▶ _Assignment_: Output only the lines from the line holding "长了一张巴掌小脸,身材又高又" through the close of the records, exactly as they appear, with all pictures omitted.

** Opening Dataset records block **

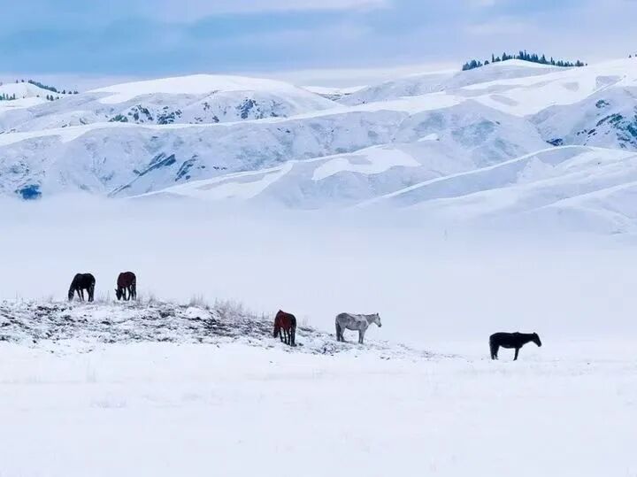 那拉提,哈萨克语意为“最先见到太阳的地方”。这片天山腹地的空中草原,冬季化身为银装素裹的雪域仙境。
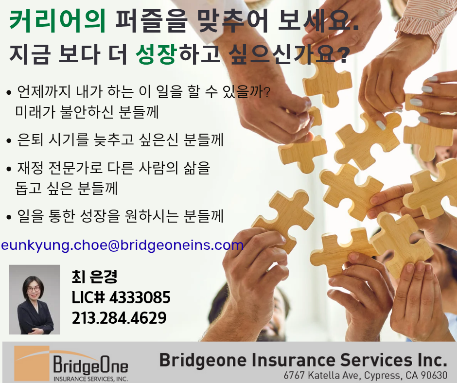 BridgeOne Insurance 같은 마음으로 함께하는에이전트 최은경 ☎ 상담 213-284-4629
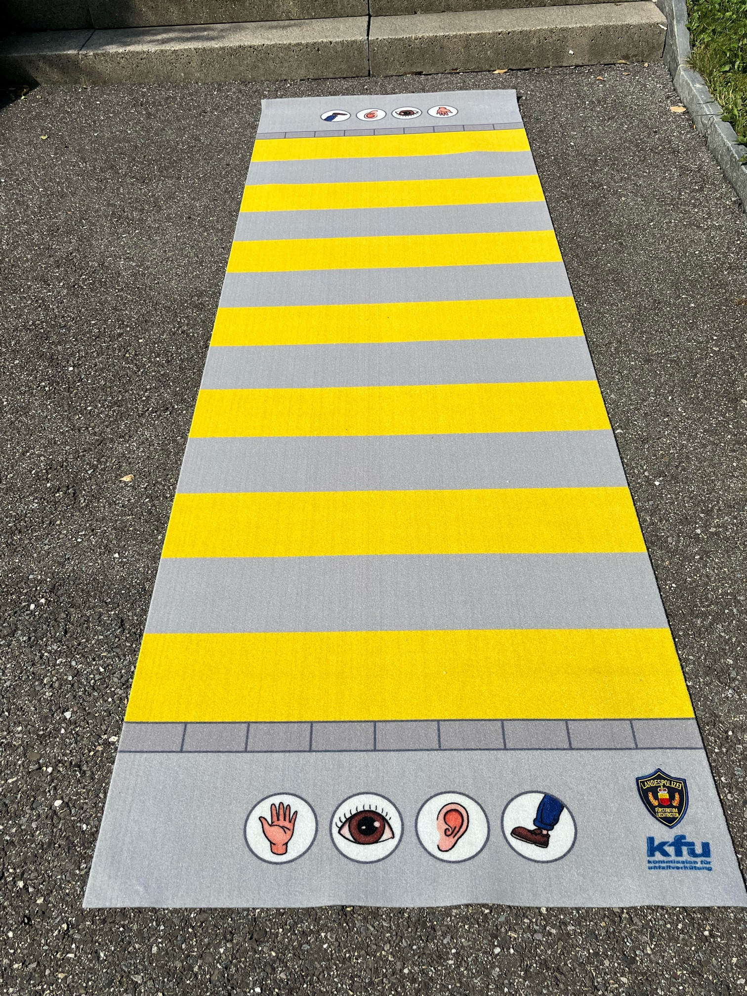 Nun ist als neues Lehrmittel der Verkehrsteppich „Fussgängerstreifen“ hinzugekommen, mit dem das richtige Verhalten im Strassenverkehr spielerisch geübt werden kann.
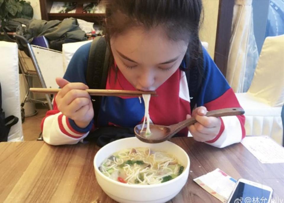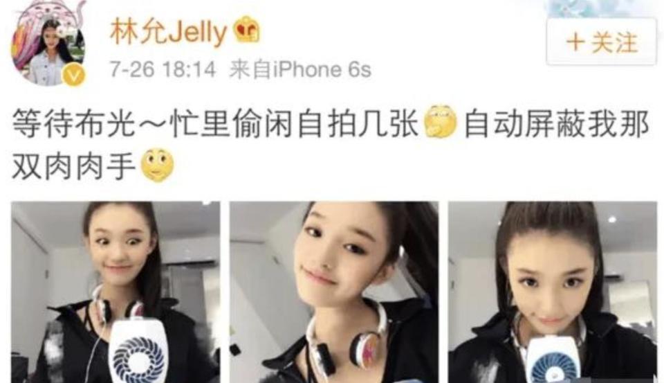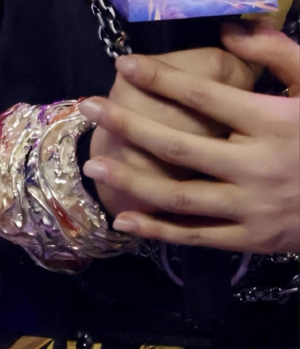 长了一张巴掌小脸,身材又高又瘦的林允给人错觉她应该有一双修长的双手,但其实林允也是个小肉手。
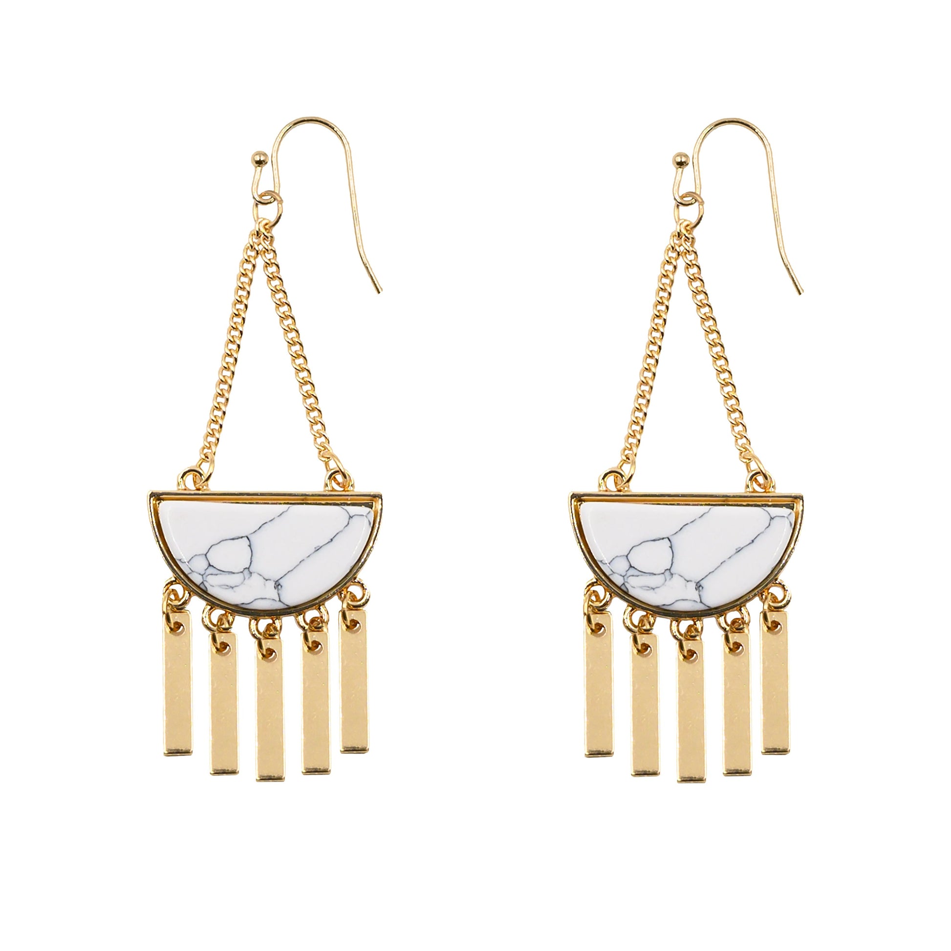 Gold And White Aztec Bar Fringe Marble Tassel Mediumweight Hypoallergenic Nickel Free Statement Drop Earrings. Custom Howlite Raw Natural Stone Accents And Designed With Love In Texas. Size 3 Inch Length x 1 Inch Width With Custom Sizing Available On Select Pieces.
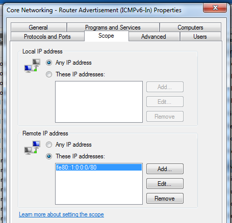 To do this, open "Windows Firewall with Advanced Security" and double-click the "Core Networking - Router Advertisement (ICMPv6-In)" rule, as shown below on this page:
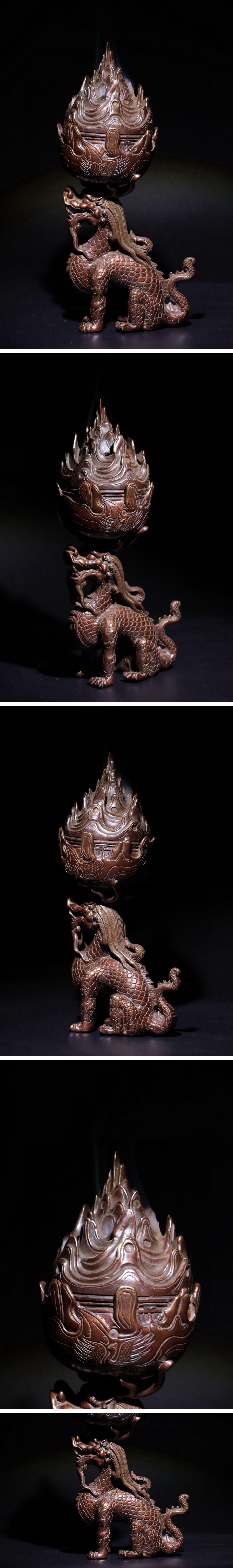 【清】関西某オークション購入 中国伝来 清時代物 唐銅 瑞獣麒麟紋薫炉 当時物 時代コレクション8L1-LS3

** Closing Dataset records block **

▶ _Written response_:
 长了一张巴掌小脸,身材又高又瘦的林允给人错觉她应该有一双修长的双手,但其实林允也是个小肉手。
 Gold And White Aztec Bar Fringe Marble Tassel Mediumweight Hypoallergenic Nickel Free Statement Drop Earrings. Custom Howlite Raw Natural Stone Accents And Designed With Love In Texas. Size 3 Inch Length x 1 Inch Width With Custom Sizing Available On Select Pieces.
 To do this, open "Windows Firewall with Advanced Security" and double-click the "Core Networking - Router Advertisement (ICMPv6-In)" rule, as shown below on this page:
 【清】関西某オークション購入 中国伝来 清時代物 唐銅 瑞獣麒麟紋薫炉 当時物 時代コレクション8L1-LS3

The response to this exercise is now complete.